東京都写真美術館で『マイケル・ケンナ写真展 MICHAEL KENNA A 45 Year Odyssey 1973-2018』を観てきました。
20代の頃は写真が好きで、ずいぶんいろいろ写真集を買い集めていたのですが、最近はすっかり疎くなり、すいません、マイケル・ケンナのことも全然知りませんでした。
Twitterでの評判の良さが目に留まって、観に行ったのですが、とても素晴らしかったです。久しぶりにというか、今の自分にもグッとくる写真に出逢えたという気がします。
マイケル・ケンナは風景写真家として知られ、ギャラリーでの個展は日本でも過去に何度かあったようですが、レトロスペクティブという形では日本初なんだそうです。写真家としてのキャリアも45年、写真集も70タイトルに上るということなので、世界的にも有名な方ということです。(全然知らなかった自分が恥ずかしい…)
午後の割と遅い時間に行ったにもかかわらず、会場は若い層を中心に人が結構入っていました。そろそろ会期も終盤ですし、口コミで評判が広まったというのもあるかもしれませんね。ちなみに一部のコーナーの作品を除き、会場内は撮影可能です。
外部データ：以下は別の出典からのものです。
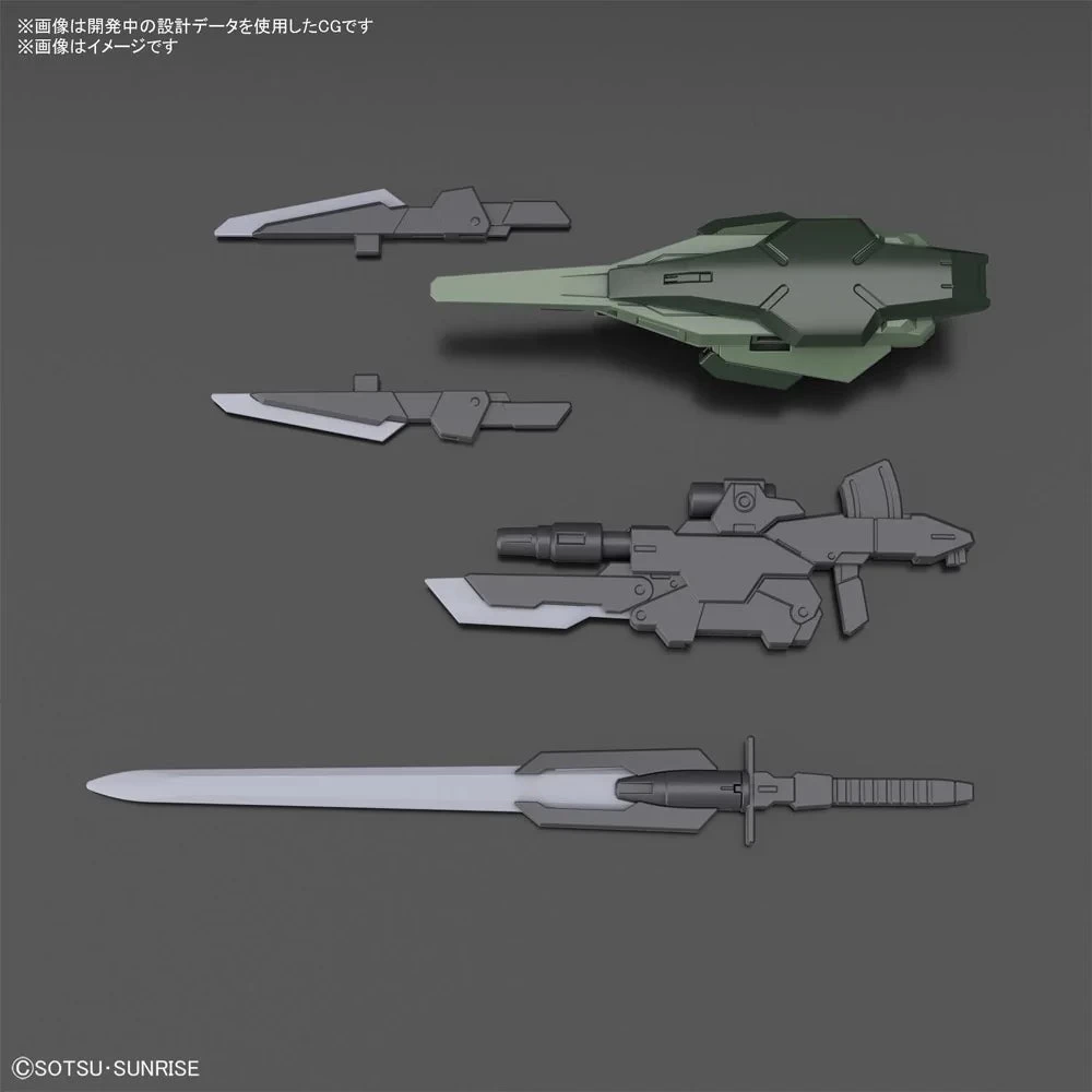 The 00 Qan[T]’s stylish silhouette has been renewed in a deep green colour, and it comes with a large number of weapons such as missile launchers, heavy machine guns, and the Arms Shield. Slashing weapons such as the command sword and double-combat knives stored in the Arms Shield are also included, and its colouring and military elements evoke the Command Gundam.
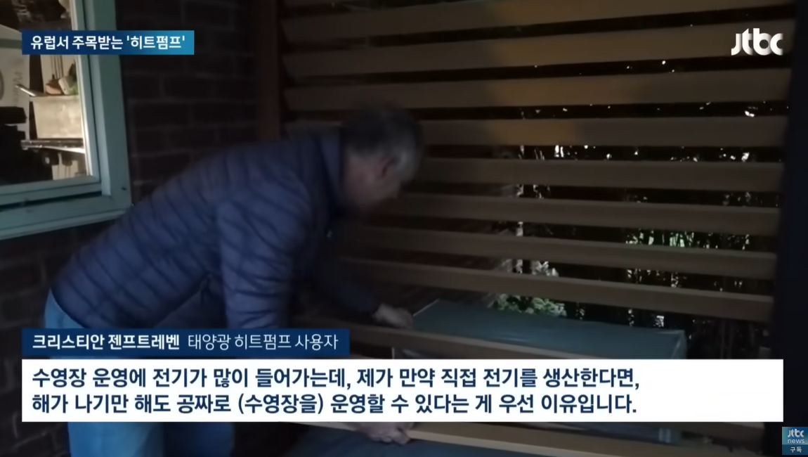 [크리스티안 젠프트레벤/태양광 히트펌프 사용자 : 수영장 운영에 전기가 많이 들어가는데, 제가 만약 직접 전기를 생산한다면, 해가 나기만 해도 공짜로 (수영장을) 운영할 수 있다는 게 우선 이유입니다.]
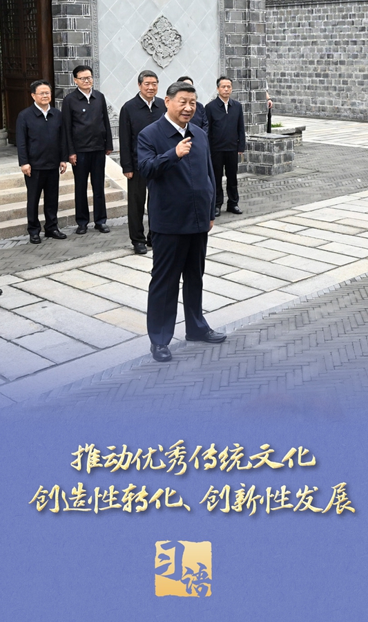 中华文明历经沧桑留下的瑰宝,习近平总书记十分珍视。在天津古文化街,指出“中国式现代化离不开优秀传统文化的继承和弘扬”;在江西景德镇,强调“老祖宗传下来的优秀传统文化,我们要继续攥在手里,与时俱进,让它发扬光大”;在关帝文化产业园,叮嘱“文化遗产是老祖宗留下来的宝贵财富,要保护好、传承好”;在龙门石窟,感慨“中华文明博大精深,值得我们多到实地去寻溯”……
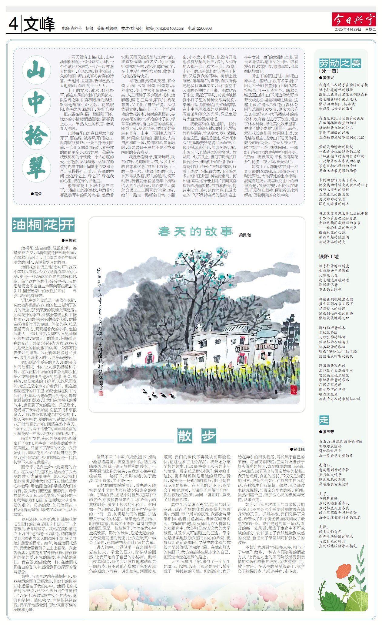 我就春看新绿、夏听蝉鸣、秋赏红叶、冬揽暖阳,将对故乡山水的眷恋和忆念,寄托于梅花山上的一草一木。嗅着山野的气息,乡愁得以慰藉;野鸟的脆鸣,悦耳动听,听着就像看见流年中清雅怡人的生活釉光,我心安宁。偶尔会遇上三三两两的年轻宝妈,她们一路走一路畅叙日常,小甜蜜,小欢喜,小烦恼,似没有开端也没有结尾的评书,说的人和听的人都一会儿欢笑一会儿叹息。山径上的风将她们的话语带上树梢,又送到我的耳畔。树梢上就响起“嘻嘻嘻”的声音,而我听得起起伏伏真真实实,我在虚空中云游的心被拉了回来。我像贴近了尘世,贴近了平凡,真切地触摸到小日子里的种种快乐与忧伤。柴米油盐、锅碗瓢盆的琐琐碎碎,在山中深深浅浅的翠碧烘托下,闪着柔和明亮的光泽,像是生活与大自然的温柔对话。
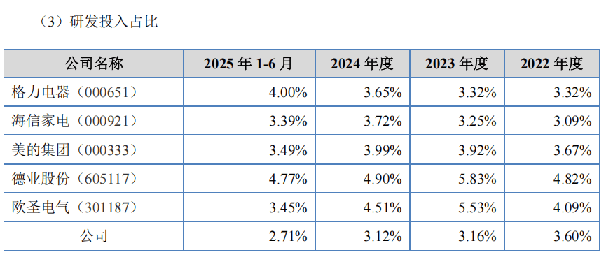 招股书显示,报告期内,欧伦电气的研发费用分别为3500.28万元、3888.00万元、5065.71万元和3367.70万元,占当期营业收入的比例分别为3.60%、3.16%、3.12%和2.71%。而且,欧伦电气的研发费用率明显低于绝大部分同行可比公司的研发费用率。

どの写真もモノクロームの風景で、トーンは統一され、静謐とも、孤独とも、詩的とも、神秘的とも、幻想的とも取れる、独特の世界観にとても惹かれます。
自然の写真も、都会の写真も、ピクチャレスクな写真も、コンセプチャルな写真も、社会的な写真も、どこか心象風景のように心に静かに沁みこんでいきます。
日本や中国の風景を写した写真も多くあって、そのモノクロームの深遠な世界は時に水墨画のような幽玄の美さえ感じさせます。最近は日本美術ばかり観てるので、そんな自分にもとても親近感が持てる絵作りでした。
会場の一角には、マイケル・ケンナが1988年からは約12年の歳月をかけて取り組んできたというナチスドイツの強制収容所を撮影した写真の連作があります。第二次世界大戦が終わって何十年も経つにもかかわらず今なお残る死の痕跡には言葉を失います。(ナチス強制収容所の写真は撮影不可)
【マイケル・ケンナ写真展 MICHAEL KENNA A 45 Year Odyssey 1973-2018】
2019年1月27日(日)まで
東京都写真美術館にて
マイケル・ケンナ写真集 (アンビエント・フォト)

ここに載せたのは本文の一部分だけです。